December 11, 2020 / Spark

Spark installation on AWS EC2 instance

If you followed my previous guide probably you will already have installed Jupyter Notebook running on a EC2 instance on the aws cloud. This is the second part.

Apache Spark

“Apache Spark” is an open-source cluster-computing framework. Spark provides an interface for programming entire clusters with implicit data parallelism and fault tolerance. To explain the term “cluster” in plain language imagine a group of computers working like “slaves” under the guidance and instructions of a “master” computer. We often call these computers “nodes”. So the master node is responsible to manage a “queue” of jobs (tasks) and assign each task to an available slave node. That way, we achieve data parallelism and rapid big data processing.
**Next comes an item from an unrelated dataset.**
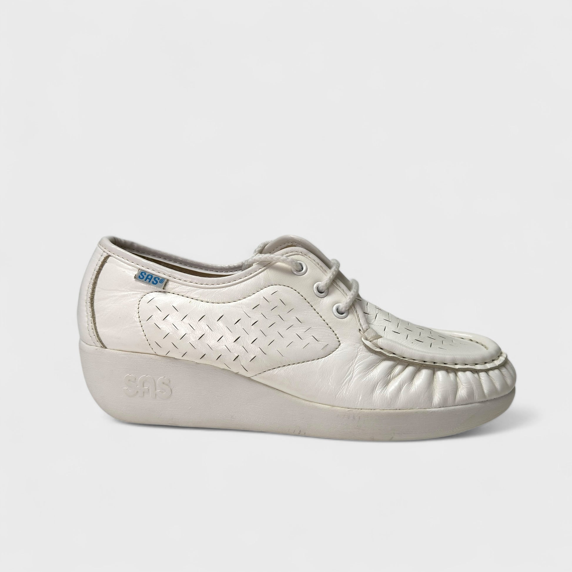 SAS Leather Nursing Lattice SS - Womens Wedge Oxfords | 6 | White | Comfort Shoes | NIB

Spark on AWS (or any other cloud platform) offers the option to spin up easily computer instances (they are called “EC2” instances) and let them work as slaves under the guidance of a master node (in Spark we call the master “driver”).
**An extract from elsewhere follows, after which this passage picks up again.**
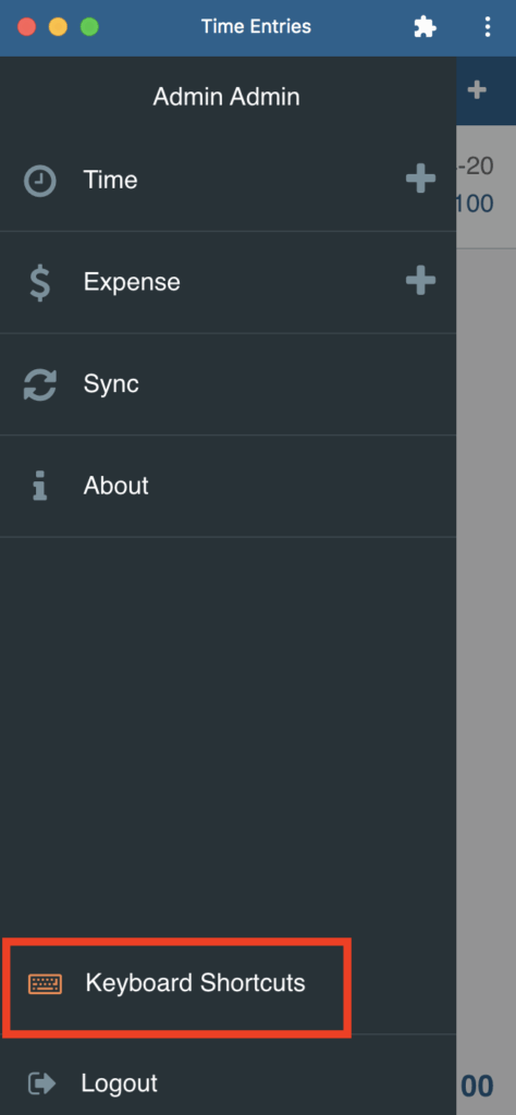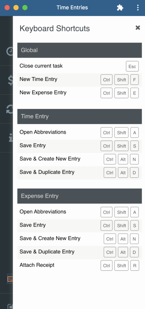 Keyboard shortcuts in the TimeSync app are available to help our users create Time and Expense entries quicker. When you first log in to the TimeSync app, click on the three bars on the top left of the screen. Here you’ll see an option appear at the bottom of the screen to view keyboard shortcuts:

To work with Python and Spark together we have to install PySpark on Jupyter Notebook. With the previous part we installed the Jupyter Notebook. The following Spark installation will be a stand alone installation, but it will give you an understanding of how things work.

Java and Scala

-Spark requires Scala to be installed and of course Scala runs on top of Java. So lets update our ubuntu EC2 server and then install Java:

sudo apt-get update -y

sudo apt-get install default-jre -y

-Check java version:

java -version

-Install Scala

sudo apt-get install scala -y

-Check scala version:

scala -version

Install py4j with anaconda version of pip

-Append Anaconda binary path to our PATH variable:

export PATH=$PATH:$HOME/anaconda3/bin

-Install conda version of pip

conda install pip

type “y” for yes on the question

-Check which pip.

which pip

If the result includes “anaconda3/bin/pip” then we are fine:

-Install python for java “py4j”

pip install py4j

Download and install Spark

-Download Spark to “/home/ubuntu” directory

cd ~

wget http://apache.mirrors.tds.net/spark/spark-2.3.1/spark-2.3.1-bin-hadoop2.7.tgz

-Extract the “tarball”

tar -xzvf spark-2.3.1-bin-hadoop2.7.tgz

Export paths

export SPARK_HOME=’/home/ubuntu/spark-2.3.1-bin-hadoop2.7′
export PATH=$SPARK_HOME:$PATH
export PYTHONPATH=$SPARK_HOME/python:$PYTHONPATH

Run jupyter notebook and check spark

-Run Jupyter. On your terminal type:

jupyter notebook

-Check if Spark works: Open a new tab on your browser and go to the public DNS page of your server followed by colon and port 8888 “:8888”

https://<public_DNS_of_EC2> :8888

-Open a new notebook:

-On the first cell write :

from pyspark import SparkContext
sc = SparkContext()

then hit Shift+Enter. If it runs without errors and you see number “1” next to the cell, then everything is set up and Spark works under python’s Jupyter Notebook!!!

Close Jupyter Notebook and Terminate the EC2 instance

-Close the Jupyter Notebook by the combination “ctrl + C” on your terminal

–Do not forget to terminate your aws EC2 instance.